Young People in China Passionate About Bean-sized Gold, What’s the Downside?

金豆
Published on: Mar 22, 2024
Author: Caroline Kong

Traditionally, it has been the middle-aged and elderly who have preferred to include gold in their investment portfolios as a store of value, but over the past year, amidst economic uncertainty, China’s young people have become increasingly interested in gold products, fuelling a 12 per cent jump in overall gold purchases from January to October 2023.

In 2023, Chinese e-commerce platforms Tmall and Taobao revealed that the main consumers of gold jewellery were the ‘post-90s generation’. This group of young people, known as Generation Z, is creating a new gold rush – buying pea-sized gold beans weighing around one gram. The beans, which cost around 600 yuan ($83) each, can be stored in small glass jars and accumulated monthly or used as ornaments for fashion.

On China’s domestic social media platforms, many netizens who have purchased the “gold beans” have called them a “financial management tool” for young people, and there has even been a popular saying that “it is better to buy a gold bean than to buy a fund”.

Bloomberg interview found that compared with dozens of grams, hundreds of grams of gold bars, 1 gram of “gold beans” lowered the threshold for purchase, giving young people who want to invest in gold the opportunity to enter the field.

The phenomenon has occurred amid China’s economy being caught in the predicament of fighting deflationary pressure. Deflation refers to a decrease in the price level of goods and services, which means that each unit of currency can buy more goods and services than before; therefore, the supply of money and credit is also reduced. This may seem favourable, but it can lead to a reduction in consumer spending and investment as prices are expected to fall further.

The latest data from China’s National Bureau of Statistics (NBS) showed that consumer prices fell at the fastest annual rate in 15 years in January, with the consumer price index dropping 0.8 per cent year-on-year. This is the first time since 2009 that prices have fallen for four consecutive months, highlighting the serious challenges facing the world’s second largest economy.

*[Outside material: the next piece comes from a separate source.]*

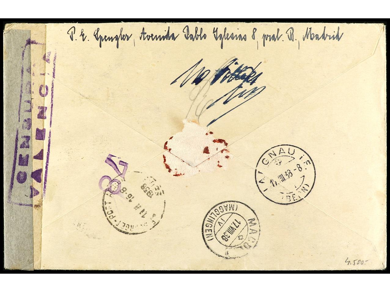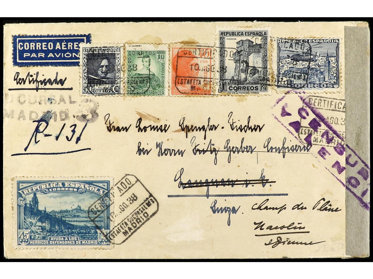 ESPAÑA. 1938. MADRID a SUIZA. Carta certificada, precioso franqueo, al dorso llegada. Ed.757, 673, 682, 738, 751, 769. (Image1) (Image2)

The downside of investing in “gold beans”

Gold is widely recognized as a safe-haven asset that can hedge against market volatility and protect investors in times of inflation and deflation. However, while gold beans are an easy entry point to investing in gold, they may not be the most cost-effective way to do so.

Nikos Kavalis, managing director of Metals Focus, told Bloomberg that buying gold beans and other physical gold products doesn’t make sense because the premium increases. He believes that gold exchange-traded funds are a better option.

Those who want to stick with physical gold may want to consider gold bars and coins rather than gold beans, as the charges will be lower. Investing in “gold beans” has more of a recreational nature, and for young investors, following the trend of buying is more like a “sheep flock effect”, rather than the most sensible decision, and safe storage is also a problem.